The shift ends one of the more dominant licensing runs in modern sports cards. Panini had held the exclusive NFL license since 2016, building a massive football portfolio that included Prizm, Select, National Treasures, and Flawless — products that became the backbone of the football card market and, for a stretch between 2019 and 2021, some of the hottest speculative assets in all of collectibles. A 2020 Panini Prizm Justin Herbert PSA 10 was pulling four figures at peak market. Panini's grip on the NFL was total.

Now that grip is gone.

What the Transition Actually Means for the Market

Licensing transitions in trading cards are rarely clean, and this one carries real consequences for existing Panini NFL inventory. When a license expires, the secondary market for that manufacturer's products tends to bifurcate: vintage and key rookie cards from the licensed era hold value on their own merits, while newer, less iconic product can soften as collector attention pivots toward the incoming brand.

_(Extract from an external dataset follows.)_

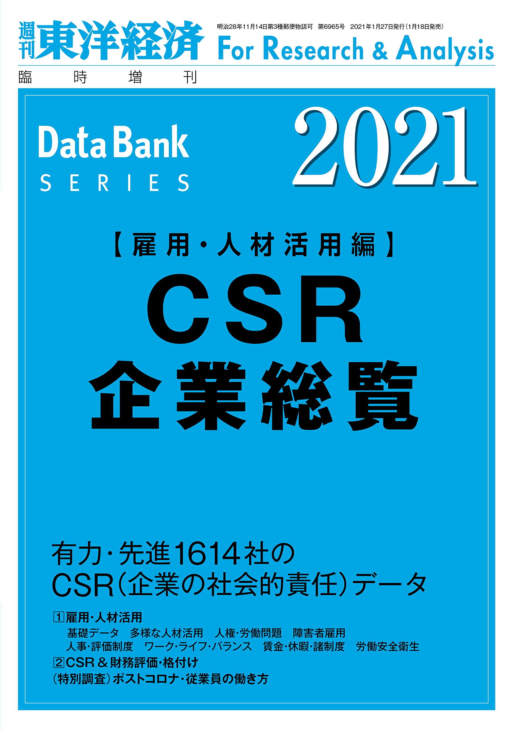 社会から評価され、長く存続できる持続性の高い会社を見つけるために必須の情報となったCSR(企業の社会的責任)の専門情報誌。雇用・人材活用編とESG編の2冊に主要1614社の詳細情報を収録。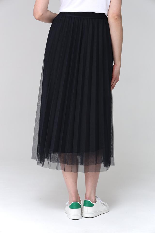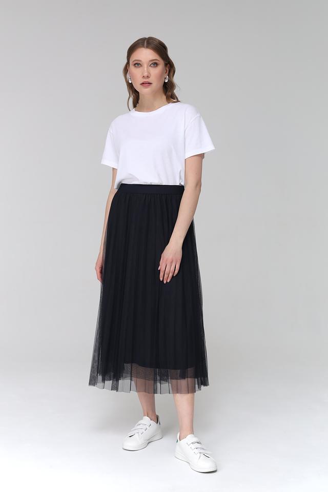 Юбка имеет классический чёрный цвет и фасон плиссе, который придает ей изящность и женственность. Длина миди делает ее универсальной для различных случаев – от повседневной носки до особых мероприятий.

The pattern isn't hypothetical. When Upper Deck lost its MLB license in 2010, its baseball card prices didn't collapse overnight — but the gravitational pull of the hobby shifted decisively toward Topps, and Upper Deck baseball has occupied a nostalgic niche ever since rather than a growth market. Panini NFL won't disappear from collector consciousness — a 2022 Panini National Treasures Sauce Gardner RPA doesn't care who holds the current license — but the pipeline of new Panini NFL product is now closed, and that changes the calculus for dealers sitting on fresh Panini football inventory.

For Topps, the stakes are equally high. Chrome is the right product to lead with. The Topps Chrome brand carries decades of equity across baseball, and its Refractor parallels have a collector language that transcends sport. Launching with Chrome signals Topps understands what football collectors actually want: clean design, a deep Refractor rainbow, and a product that grades well and photographs beautifully for the resale market.

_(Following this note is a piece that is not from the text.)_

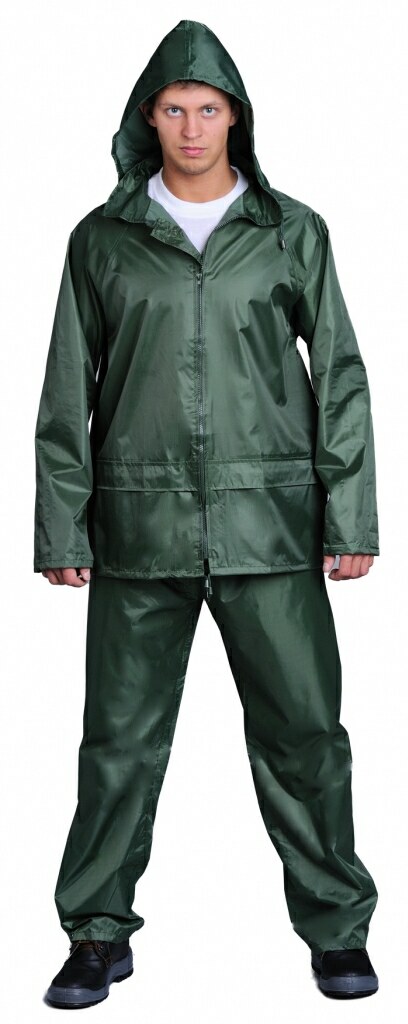 Костюм состоит из куртки и брюк. Куртка на застёжке–молнии и планкой на кнопках, съёмным капюшоном, накладными карманами с клапанами. Рукава–реглан имеют внутренний манжет на эластичной ленте. Возможна регулировка ширины брюк при помощи кнопок. Цвет: зеленый Ткань верха: Нейлон с ПВХ Размер: с 44-46 по 60-62 Рост: 170-176, 182-188

Chrome's Track Record Sets a High Bar

Topps Chrome football isn't entirely new territory — the brand produced NFL cards before Panini's exclusive window opened. But the hobby has changed dramatically since then. Grading volume has exploded. PSA alone processed over 13 million submissions in 2021, a figure that would have been unthinkable a decade earlier. The collector base expects short prints, colored Refractors, 1/1 Superfractors, and autograph tiers that rival anything Panini built in its Prizm ecosystem.

Whether Topps can deliver a Chrome football product that competes with the brand equity Prizm accumulated over nearly a decade is the central question hanging over this announcement. Prizm football became the hobby's benchmark for NFL rookies — the PSA 10 Prizm Silver is essentially the default grade and parallel that the market prices first when a new class of players emerges. Topps Chrome Refractors have that same potential architecture. The execution will determine whether Chrome football becomes the new standard or a compelling alternative.

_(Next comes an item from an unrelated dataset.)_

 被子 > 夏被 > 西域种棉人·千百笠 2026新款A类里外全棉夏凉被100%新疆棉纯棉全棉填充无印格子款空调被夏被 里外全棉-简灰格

The checklist composition, autograph signers, and print run decisions Topps makes for the 2025 set will be scrutinized immediately. Collectors will want to know which rookies signed, how deep the parallel rainbow runs, and whether the base card stock holds up to PSA and BGS graders — a point of real concern, since Chrome's thin stock has historically been unforgiving under grading lights.

A New Era With Old Stakes

The NFL is the most valuable sports license in American trading cards, full stop. Football drives more hobby box revenue, more grading submissions, and more high-end auction action than any other American sport during the modern era. Heritage Auctions, Goldin, and PWCC all see NFL rookies anchor their major sales events. Whoever holds this license holds significant leverage over the direction of the entire hobby market.

Topps, now operating under Fanatics ownership, has the infrastructure and the capital to build something serious here. Fanatics also holds MLB and NBA trading card rights through its own licensing deals, which means the company now has a realistic shot at a unified sports card ecosystem — one manufacturer, one platform, three major American sports leagues.

That's either a collector's dream or a monopoly concern, depending on which side of the dealer table you're standing on. Either way, 2025 Topps Chrome NFL is going to be one of the most-watched product releases the hobby has seen in years. The pressure on that first checklist is immense — and so is the opportunity.